Records from a collection:
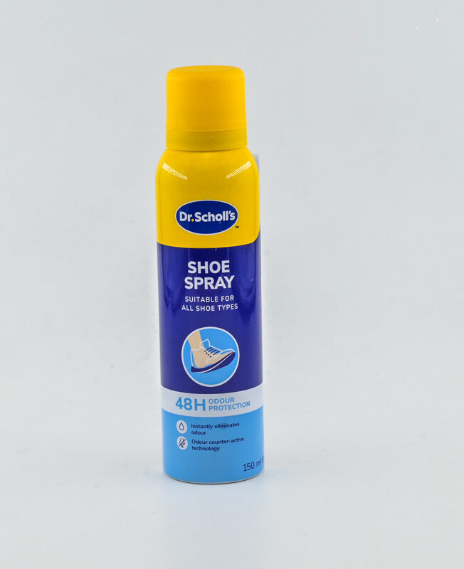 SCHOLL EXPERTCARE SPRAY PËR KËPUCËT. Mbrojtje kundër aromave. Formulë me efekt të dyfishtë që neutralizon erën e keqe dhe i mban këpucët të freskëta për 48 orë. Nuk lë shenja pas aplikimit. I përshtatshëm për të gjitha llojet e këpucëve. Përdorimi: Tunde mirë para përdorimit. Spërkat në mënyrë uniforme brenda këpucëve para dhe pas veshjes. Lëri të thahen. Fshi sipërfaqen e brendshme nëse mbetet produkt. Mund të përdoret edhe nga diabetikët ose personat me probleme të qarkullimit të gjakut. Kujdes: Shmang përdorimin në lëkurë të dëmtuar ose të irrituar. Në rast irritimi, ndërprite përdorimin. Mbaje larg fëmijëve. Shmang kontaktin me sytë. Produkt i ndezshëm; mbroje nga nxehtësia dhe rrezet e diellit. Mos e ekspozo në temperatura mbi 50 gradë. Mos e dëmto ose digj paketimin, edhe pasi të jetë zbrazur. Paketimi: 150 ml
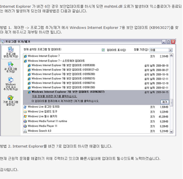 인터넷창 종료 오류안내
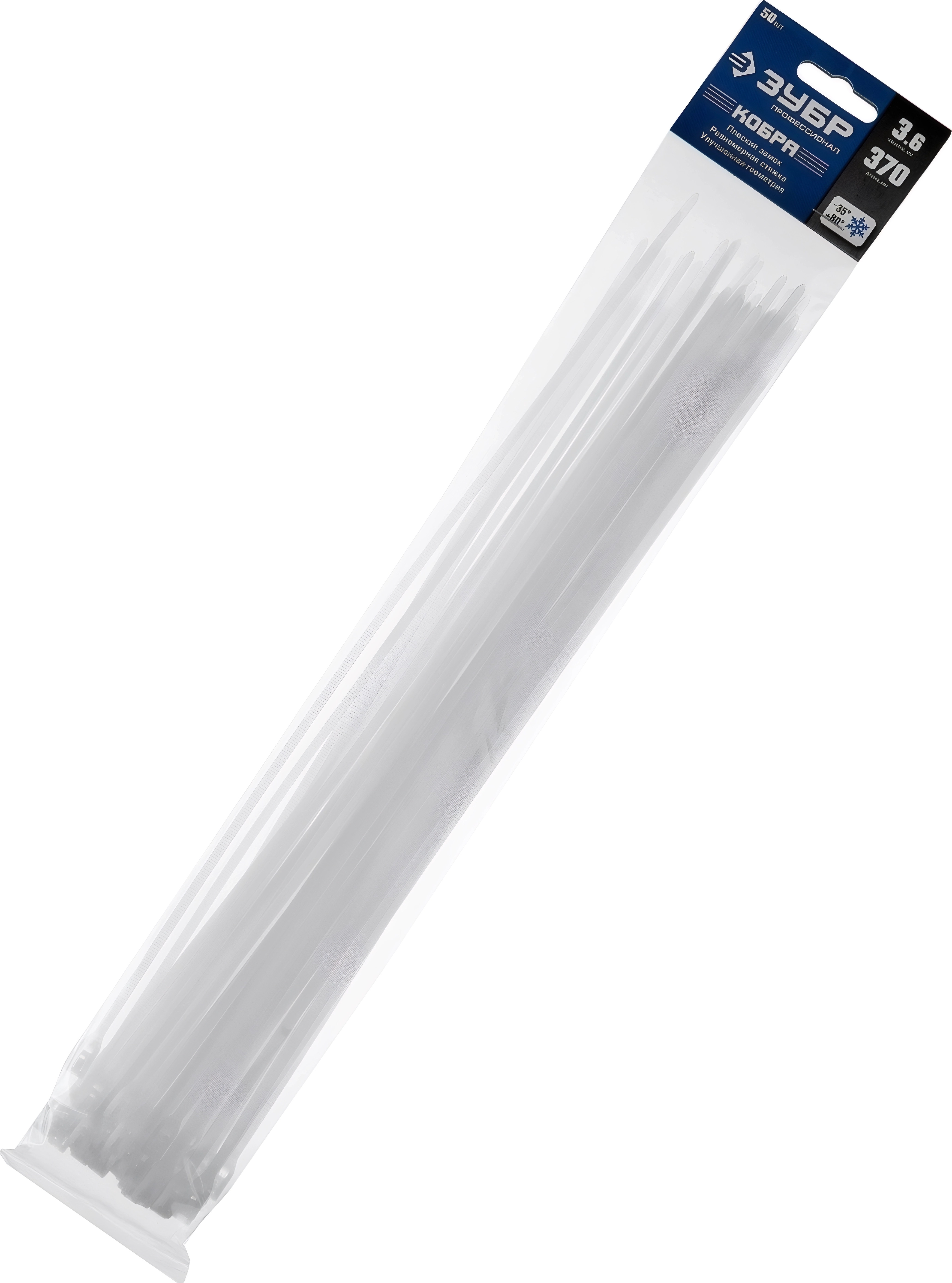 Кабельные стяжки с плоским замком ЗУБР КОБРА 3.6 x 370 мм нейлон РА66 50 шт белые
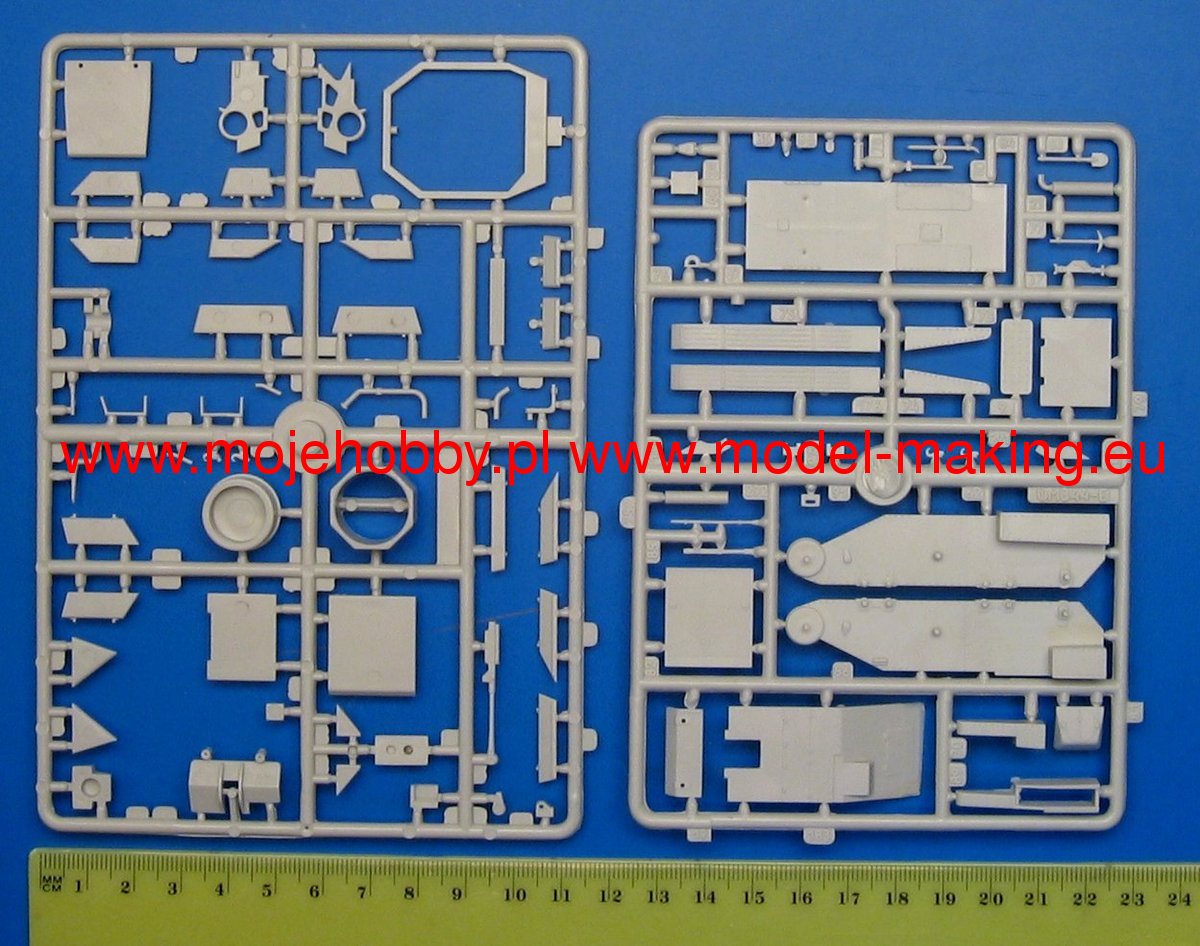 PzKpfw IV (Panzerkampfwagen IV) was a German medium tank from the Second World War. The first prototypes of the vehicle were created in 1936, and serial production continued in the period 1938-1945, ending with the production of about 8,600 vehicles. The D version of the tank was powered by a single Maybach HL 120 TRM engine with a capacity of 300 HP. It was armed with 1 75mm KwK 37 L / 24 gun and 2 7.92mm MG 34 machine guns. The PzKpfw IV was created as a result of a competition announced at the end of 1934 by the German Armaments Department for a medium tank weighing up to 18 tons and armed with a 75 mm gun. The competition was won by the Krupp company, whose vehicle was put into mass production - as it turned out, it was a vehicle that can be safely called the "workhorse" of German armored forces during World War II and one of the most intensively developed and modernized Wehrmacht tanks. Numerous variants of the PzKpfw IV were created in the course of production. Chronologically, the first was the A version, armed with a 75mm short-barreled gun and a 230hp engine. However, versions B and C appeared quickly, in which several significant changes were made: first of all, more powerful engines (265 HP in version B and Maybach HL 120 TRM with 300 HP in C version - which were installed in PzKpfw IV until 1945 year), and the armor of the entire car was improved. The F1 and F2 versions turned out to be a real revolution, in which the frontal armor was increased to 60 mm, and the main armament was changed to the great, long-barreled 75mm KwK 40 L / 43 cannon, which in 1942 and 1943 allowed them to fight any Allied or soviet. The most frequently produced versions of the PzKpfw IV were the G, H and J versions, which were very similar to the F1 and F2 versions. The main armament has not changed significantly (it was still the KwK 40 cannon), as well as the engine and chassis. On the other hand, the armor was slightly strengthened, and from the beginning of 1943 armored screens (Schurzen) were installed on them. Numerous other vehicles were built on the chassis of the PzKpfw IV, such as the StuG IV assault gun, the Nashorn tank destroyer or the Wirbelwind self-propelled anti-aircraft gun. PzKpfw IV tanks were used on almost all fronts of World War II - from the September campaign in 1939, through the campaign in France in 1940, the Barbarossa and Typhoon operations in 1941, the Battle of Kursk in 1943, to the last operations of the German army against The USSR and the Western Allies in 1944-1945.
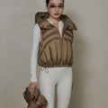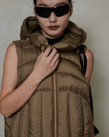 Lightweight, versatile, and built for movement. This modular down jacket features 90% premium white duck down, a durable 100% polyester shell, and detachable sleeves that let you switch from jacket to vest in seconds. The drawstring hem shapes your silhouette, while the hooded design adds comfort and protection. Finished with the NOMADAPT metal sleeve badge for a modern, elevated touch.

_Work order_
Although the records above contain pictures, your copy should give only their text, exactly as written.

_Final answer_
 SCHOLL EXPERTCARE SPRAY PËR KËPUCËT. Mbrojtje kundër aromave. Formulë me efekt të dyfishtë që neutralizon erën e keqe dhe i mban këpucët të freskëta për 48 orë. Nuk lë shenja pas aplikimit. I përshtatshëm për të gjitha llojet e këpucëve. Përdorimi: Tunde mirë para përdorimit. Spërkat në mënyrë uniforme brenda këpucëve para dhe pas veshjes. Lëri të thahen. Fshi sipërfaqen e brendshme nëse mbetet produkt. Mund të përdoret edhe nga diabetikët ose personat me probleme të qarkullimit të gjakut. Kujdes: Shmang përdorimin në lëkurë të dëmtuar ose të irrituar. Në rast irritimi, ndërprite përdorimin. Mbaje larg fëmijëve. Shmang kontaktin me sytë. Produkt i ndezshëm; mbroje nga nxehtësia dhe rrezet e diellit. Mos e ekspozo në temperatura mbi 50 gradë. Mos e dëmto ose digj paketimin, edhe pasi të jetë zbrazur. Paketimi: 150 ml
 인터넷창 종료 오류안내
 Кабельные стяжки с плоским замком ЗУБР КОБРА 3.6 x 370 мм нейлон РА66 50 шт белые
 PzKpfw IV (Panzerkampfwagen IV) was a German medium tank from the Second World War. The first prototypes of the vehicle were created in 1936, and serial production continued in the period 1938-1945, ending with the production of about 8,600 vehicles. The D version of the tank was powered by a single Maybach HL 120 TRM engine with a capacity of 300 HP. It was armed with 1 75mm KwK 37 L / 24 gun and 2 7.92mm MG 34 machine guns. The PzKpfw IV was created as a result of a competition announced at the end of 1934 by the German Armaments Department for a medium tank weighing up to 18 tons and armed with a 75 mm gun. The competition was won by the Krupp company, whose vehicle was put into mass production - as it turned out, it was a vehicle that can be safely called the "workhorse" of German armored forces during World War II and one of the most intensively developed and modernized Wehrmacht tanks. Numerous variants of the PzKpfw IV were created in the course of production. Chronologically, the first was the A version, armed with a 75mm short-barreled gun and a 230hp engine. However, versions B and C appeared quickly, in which several significant changes were made: first of all, more powerful engines (265 HP in version B and Maybach HL 120 TRM with 300 HP in C version - which were installed in PzKpfw IV until 1945 year), and the armor of the entire car was improved. The F1 and F2 versions turned out to be a real revolution, in which the frontal armor was increased to 60 mm, and the main armament was changed to the great, long-barreled 75mm KwK 40 L / 43 cannon, which in 1942 and 1943 allowed them to fight any Allied or soviet. The most frequently produced versions of the PzKpfw IV were the G, H and J versions, which were very similar to the F1 and F2 versions. The main armament has not changed significantly (it was still the KwK 40 cannon), as well as the engine and chassis. On the other hand, the armor was slightly strengthened, and from the beginning of 1943 armored screens (Schurzen) were installed on them. Numerous other vehicles were built on the chassis of the PzKpfw IV, such as the StuG IV assault gun, the Nashorn tank destroyer or the Wirbelwind self-propelled anti-aircraft gun. PzKpfw IV tanks were used on almost all fronts of World War II - from the September campaign in 1939, through the campaign in France in 1940, the Barbarossa and Typhoon operations in 1941, the Battle of Kursk in 1943, to the last operations of the German army against The USSR and the Western Allies in 1944-1945.
 Lightweight, versatile, and built for movement. This modular down jacket features 90% premium white duck down, a durable 100% polyester shell, and detachable sleeves that let you switch from jacket to vest in seconds. The drawstring hem shapes your silhouette, while the hooded design adds comfort and protection. Finished with the NOMADAPT metal sleeve badge for a modern, elevated touch.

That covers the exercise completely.